▸ Work order: Find the line containing "Grand Central Station」", then print it and each line after it through the end of the listing exactly, with no pictures.
○ ○ ○
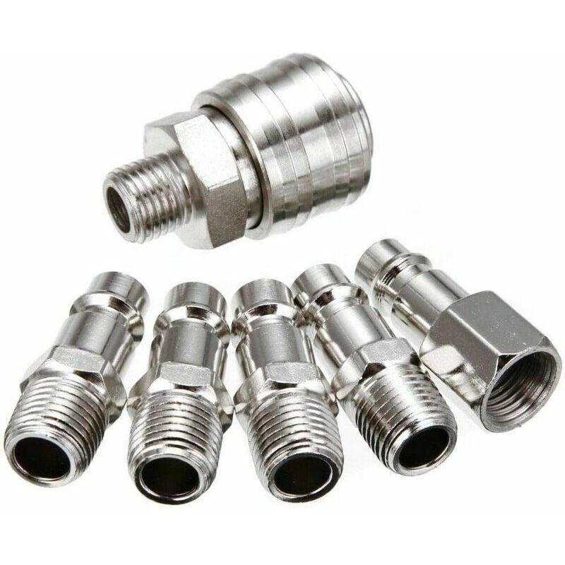 Dimensioni: 6 pezzi Caratteristiche: Kit di avviamento ideale di raccordi a sgancio rapido. Realizzato in acciaio temprato trattato termicamente per resistenza e durata. Finitura zincata per resistenza alla ruggine e alla corrosione. Gli accoppiatori a molla a sgancio rapido per l'uso lato compressore hanno una valvola incorporata per chiudere l'aria quando si cambia un utensile. Semplice da usare, basta far scorrere indietro il collare e inserire il raccordo, quindi far scorrere il collare completamente indietro per bloccarlo in posizione. Consente di connettere/disconnettere rapidamente strumenti e compagnie aeree. Il raccordo femmina ha una valvola all'interno per impedire all'aria di fuoriuscire durante il cambio dell'utensile Caratteristiche: Filettatura a sgancio rapido: 6,35 mm BSP. Modello connettore: Euro. Resistenza alla temperatura: -20-107°C. Tensione di tenuta: 150 MPa Contenuto: 1 raccordo femmina a sgancio rapido con filettatura maschio BSP da 0,6 cm. 4 raccordi maschio
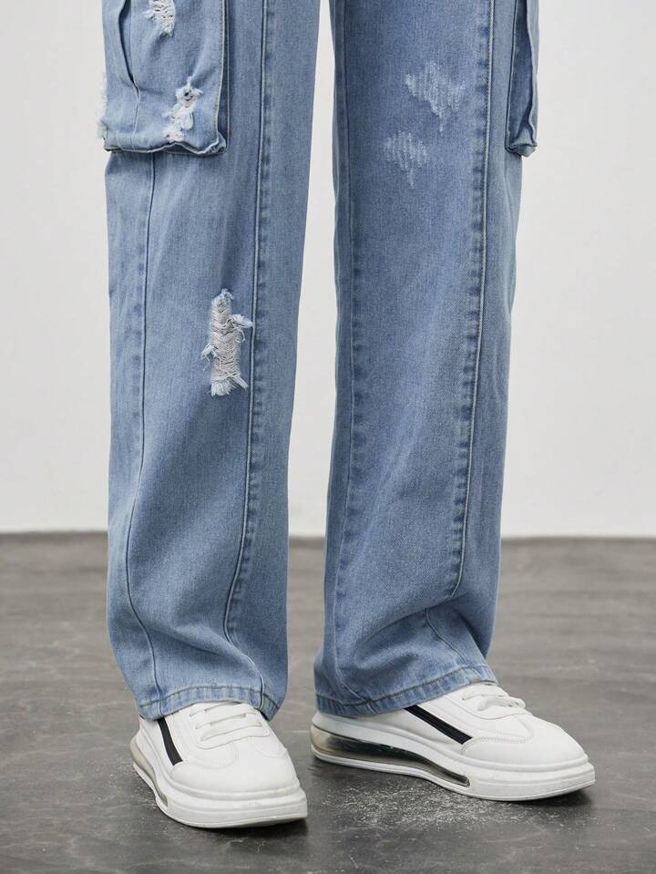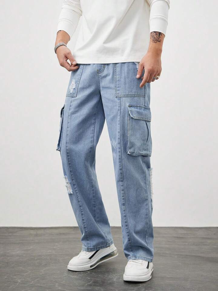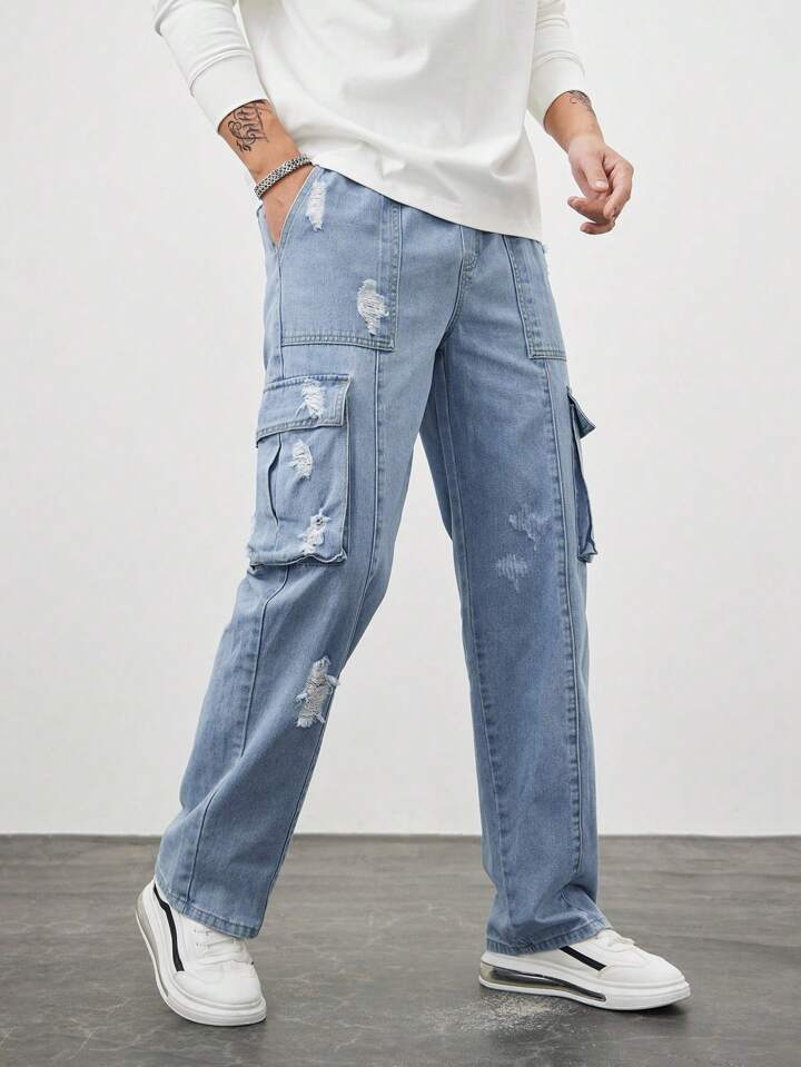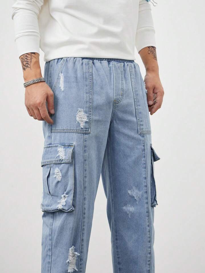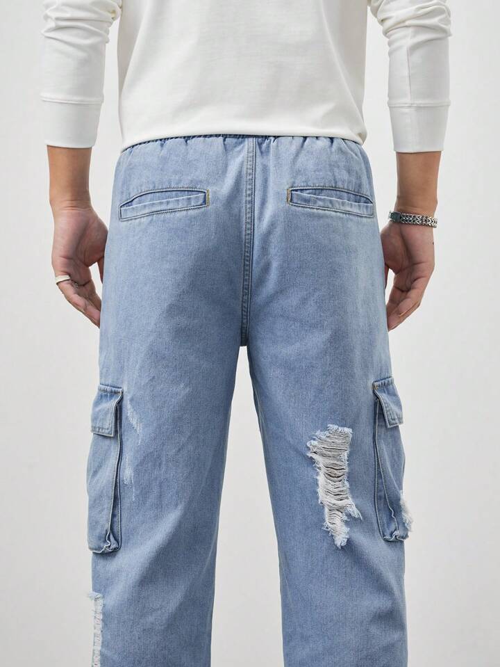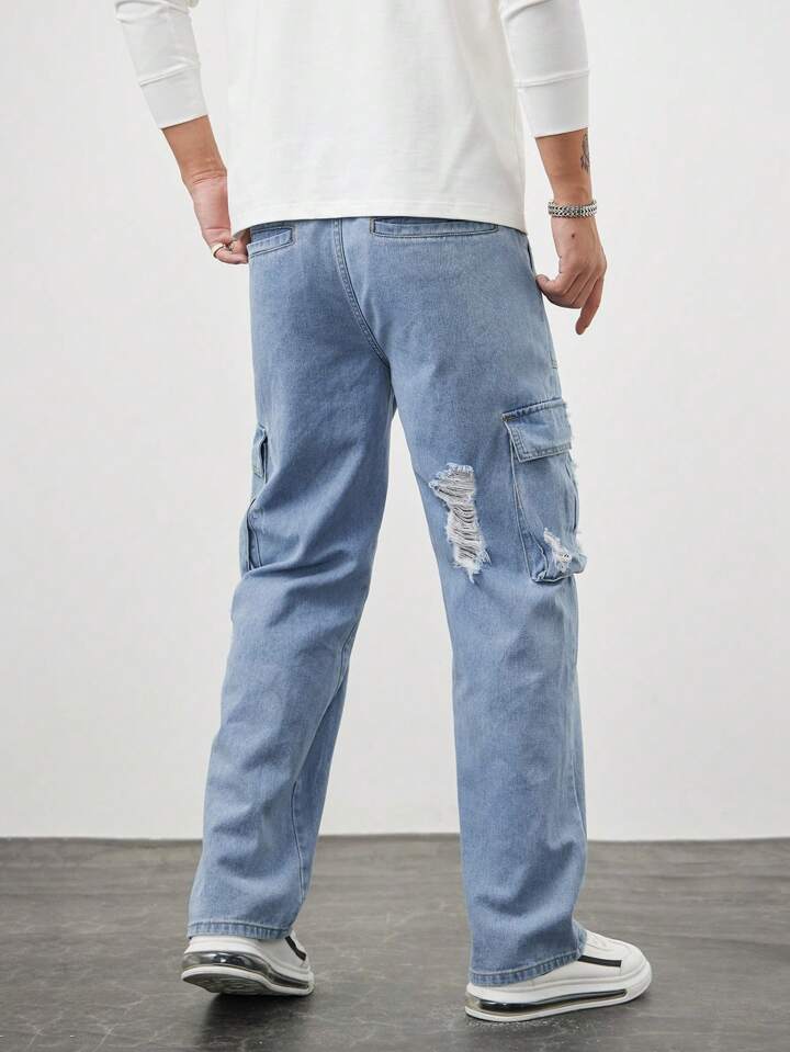 Street Life Men Ripped Flap Pocket Side Cargo Jeans
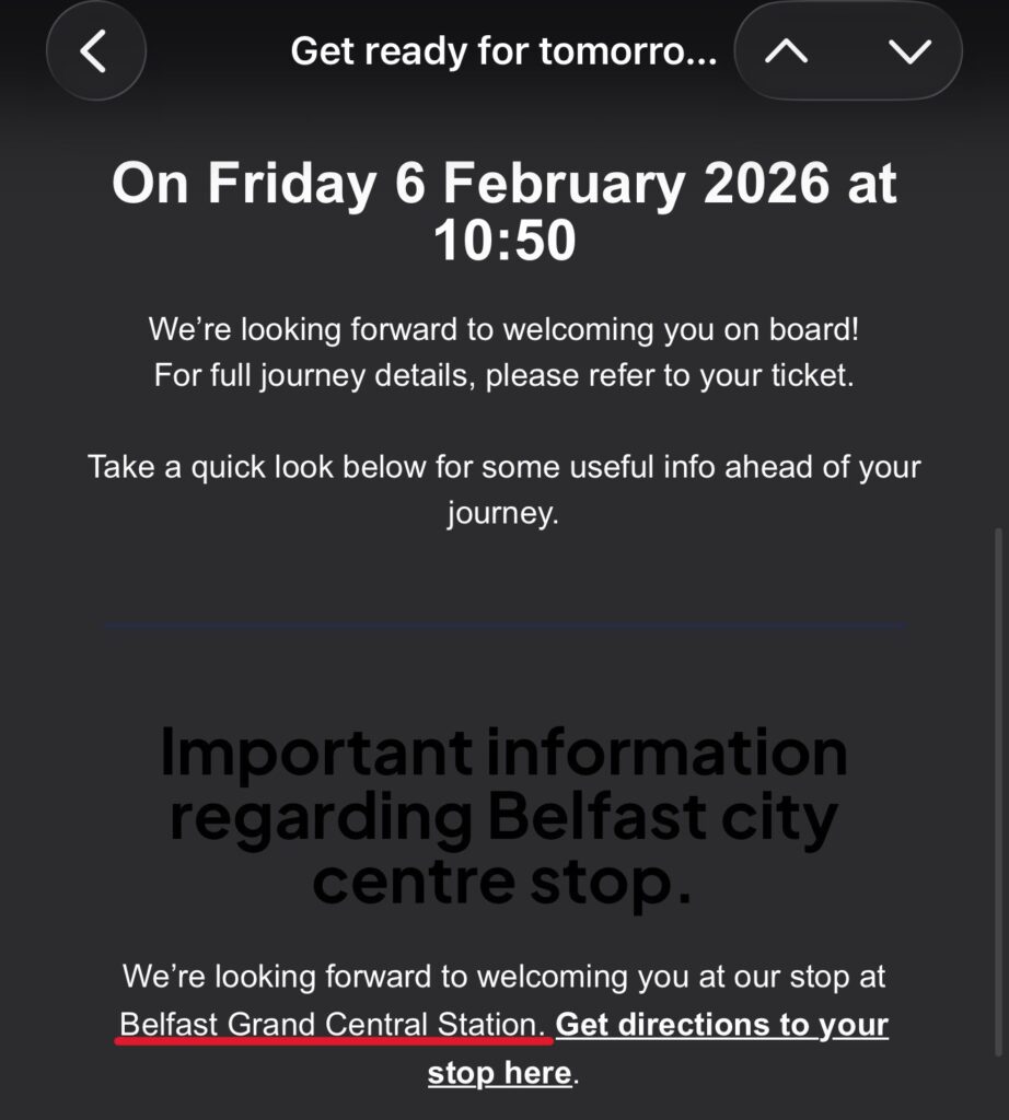 明日はバスでダブリンに移動する予定で、さっき予約確認メールが来ていたことを思い出し、出発時間と場所を確認。チケットは「Omio」(電車、バス、船の予約サイト)経由でnational express(バス運営会社)のバスを予約した。メールをチェックすると、その両者からほぼ同時に確認メールが届いおり、出発時間は両者とも「10:50」。でも、よく見ると「Omio」のチケットに記載された乗車場所は「Belfast, Upper Street / Wellington Street」。一方、「national express」の乗車場所は「Belfast, Grand Central Station」
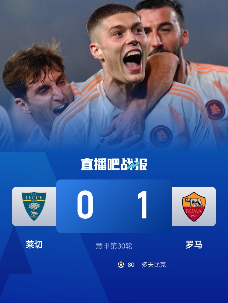 意甲第30輪,萊切0-1羅馬。上半場,科內(nèi)錯(cuò)失良機(jī);下半場,小曼奇尼進(jìn)球被吹,多夫比克低射制勝。
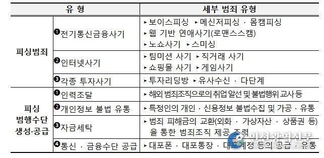 또한, 특별자수ㆍ신고 기간 운영을 통해 보이스피싱 · 투자사기 등 피싱범죄의 해외 콜센터ㆍ자금세탁 등 조직원부터 국내 수거책 · 인출책 등 하부조직원, 대포물건 명의자 등 단순 가담자에 이르기까지 자수의 기회를 폭넓게 제공할 예정이다.
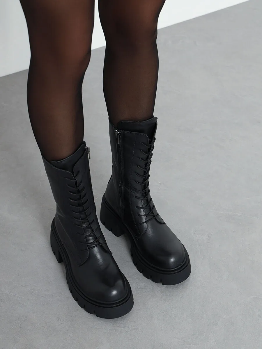 Ботинки женские демисезонные, цвет черный, натуральная кожа
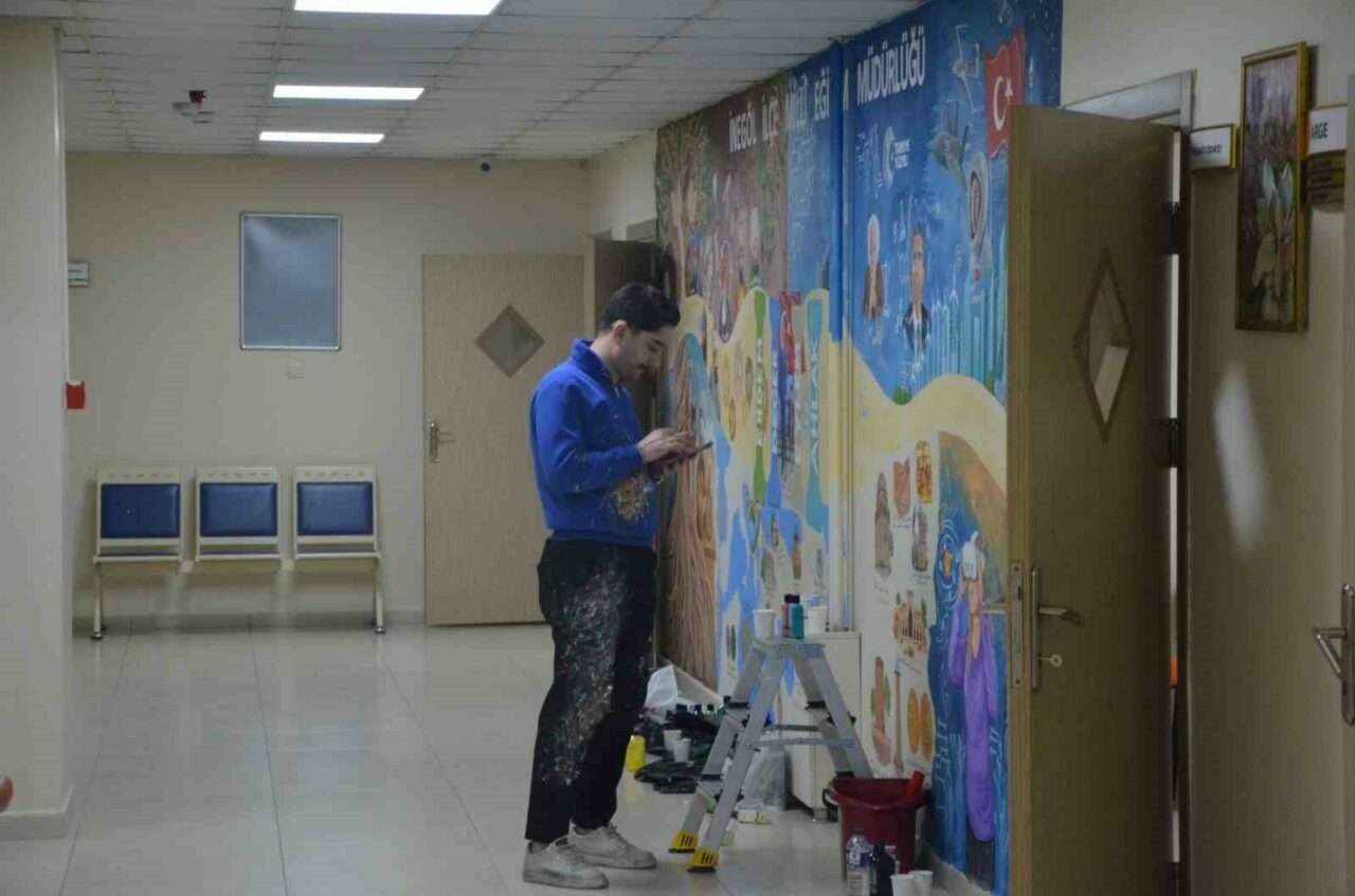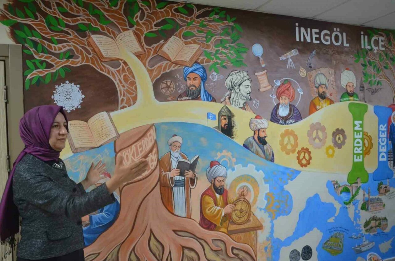 Bursa’nın İnegöl ilçesinde engelli bir öğretmen, Türkiye Yüzyılı Maarif Modeli müfredatını hayal gücü ile İnegöl Milli Eğitim Müdürlüğü’nün duvarına resmetti.
○ ○ ○
▸ Task result:
 明日はバスでダブリンに移動する予定で、さっき予約確認メールが来ていたことを思い出し、出発時間と場所を確認。チケットは「Omio」(電車、バス、船の予約サイト)経由でnational express(バス運営会社)のバスを予約した。メールをチェックすると、その両者からほぼ同時に確認メールが届いおり、出発時間は両者とも「10:50」。でも、よく見ると「Omio」のチケットに記載された乗車場所は「Belfast, Upper Street / Wellington Street」。一方、「national express」の乗車場所は「Belfast, Grand Central Station」
 意甲第30輪,萊切0-1羅馬。上半場,科內(nèi)錯(cuò)失良機(jī);下半場,小曼奇尼進(jìn)球被吹,多夫比克低射制勝。
 또한, 특별자수ㆍ신고 기간 운영을 통해 보이스피싱 · 투자사기 등 피싱범죄의 해외 콜센터ㆍ자금세탁 등 조직원부터 국내 수거책 · 인출책 등 하부조직원, 대포물건 명의자 등 단순 가담자에 이르기까지 자수의 기회를 폭넓게 제공할 예정이다.
 Ботинки женские демисезонные, цвет черный, натуральная кожа
 Bursa’nın İnegöl ilçesinde engelli bir öğretmen, Türkiye Yüzyılı Maarif Modeli müfredatını hayal gücü ile İnegöl Milli Eğitim Müdürlüğü’nün duvarına resmetti.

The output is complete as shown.